It is believed that traumatic injury and neurotoxin-activated neuronal apoptosis are essential mechanisms involved in the pathogenesis of various neurodegenerative diseases (Yuan and Yankner 2000). Apoptotic neuronal cells, characterized by cytoplasmic atrophy, mitochondrial fission, nuclear shrinkage and fragmentation with condensation of the chromatin, DNA damage, and impairment of DNA repair (Yuan and Yankner 2000), are initially developed from activation of intracellular pro-apoptotic molecules, such as poly (ADP-ribose) polymerase (PARP), which is a key protein involved in the process of apoptotic neuron death (Cheung and Slack 2004), and the regulation of extracellular signal-regulated kinases (ERKs) and Akt/glycogen synthase kinase-3 (GSK-3) is associated with cell survival and proliferation (Cheung and Slack 2004). In addition, down-regulation of B cell lymphoma-extra large (Bcl-xL), an essential mitochondrial transmembrane molecule that protects cells from DNA damage-induced apoptosis, is also an important event resulting in neuronal cell apoptosis (Jonas 2006).

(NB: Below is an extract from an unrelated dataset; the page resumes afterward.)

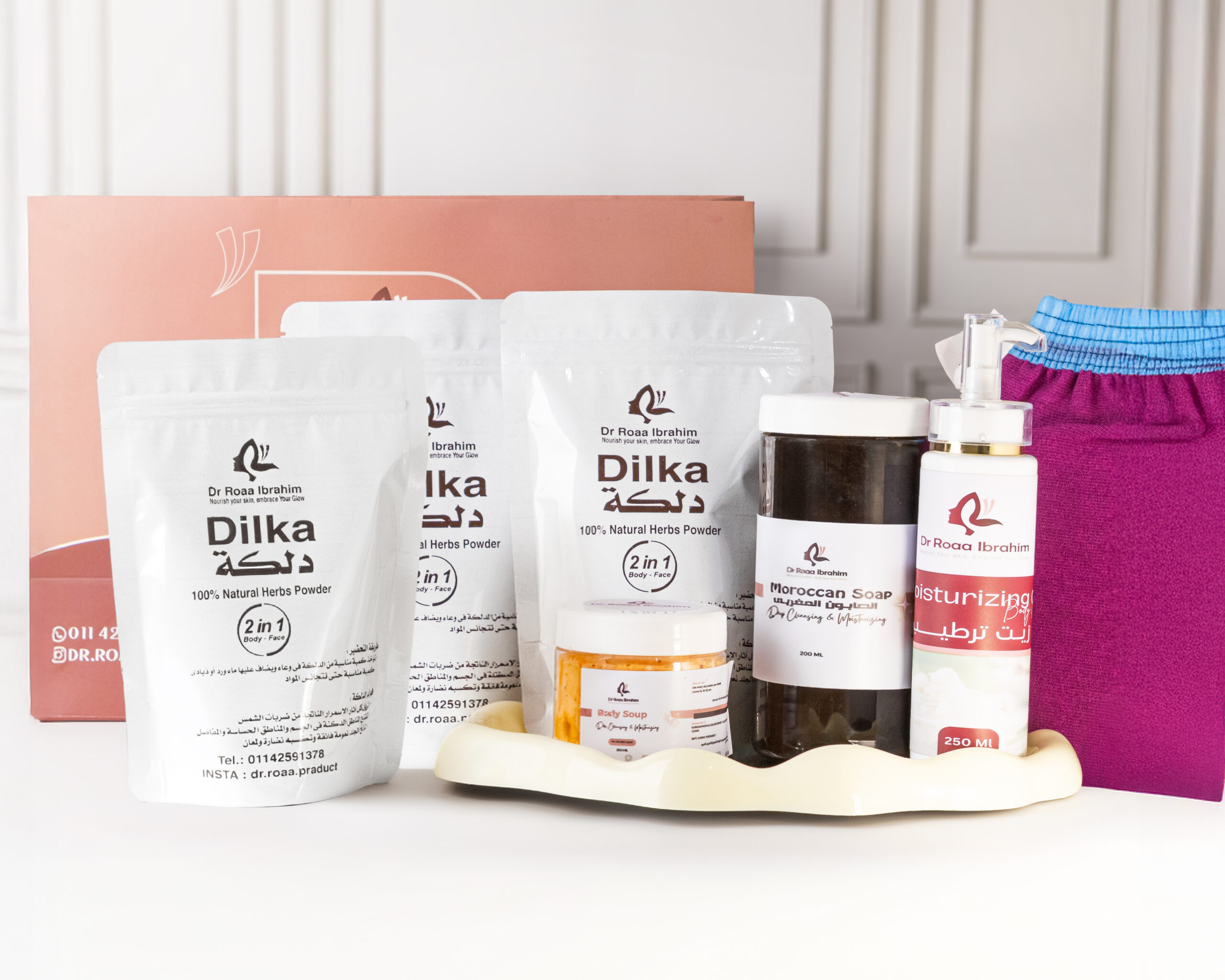 - ٣ أكياس من الدلكة السودانية: لتقشير البشرة بلطف، تفتيح وتوحيد اللون، ومنح نعومة فائقة ونضارة طبيعية مع الاستمرار.

Differentiated PC12 cells have been widely used to study morphological, biochemical, and molecular changes occurring in neuronal cell death (Mills et al. 1995). 1-Methyl-4-phenylpyridine ion (MPP+) is a commonly used neurotoxin to produce neuronal cell apoptosis and neurodegenerative models (Segura Aguilar and Kostrzewa 2004). In the present study, we first determined the effects of PF on cell viability, nuclear and mitochondrial apoptotic alternations, and intracellular level of calcium in differentiated PC12 cells exposed to MPP+. Then, we further examined the effects of PF on the apoptotic protein PARP and anti-apoptotic molecules Bcl-xL, ERKs, and Akt/GSK-3.
Materials and Methods
Cell Culture
Differentiated PC12 cells were used in the experiments. Cells were obtained from ATCC (CRL-1721; passages <10) and grown on a collagen I-coated flask as monolayer cultures in Dulbecco’s modified eagle medium (DMEM) supplemented with 10 % horse serum (HS), 5 % fetal bovine serum (FBS), penicillin (100 units/ml), and streptomycin (100 mg/ml), under a humidified atmosphere containing 5 % CO2 and 95 % air at 37 °C. Cells were differentiated by adding 50 ng/ml nerve growth factor (NGF) in the culture medium for 48 h. The culture medium was replaced every 2–3 days. Culture cells were transferred to collagen I-coated 35-mm-diameter 6-well plates when the density reached 70–80 % confluence. Treatment experiments were performed when the density reached 70 % confluence in the plates.
Experimental Design
For PF dose–curve experiment, cells were treated with a range of PF doses from 25 to 400 μM for 3 h and then exposed to 4 mM MPP+ for 24 h. Cell viability was measured (see below) and an optimal dose of 200 μM PF was chosen for further experiments. To detect cellular apoptotic alternations, cells were treated with 200 μM PF for 3 h, followed by exposure to 4 mM MPP+ for 12 h. Cells were then collected and measured by flow cytometry. In a separate experiment, after cells were sequentially administered with 200 μM PF for 3 h and 4 mM MPP+ for 24 h, culture medium was collected for measurement of lactate dehydrogenase (LDH), a biomarker of neuronal cell death (Silva et al. 2006), and cells were collected for measurement of mitochondrial membrane potential (Δψm), a key parameter of mitochondrial permeability used as an indicator of neuronal cell health (Haeberlein 2004) and intracellular calcium analysis. Cells were also collected and prepared for Western blotting analysis of apoptosis-modulating proteins (Bcl-xL and PARP).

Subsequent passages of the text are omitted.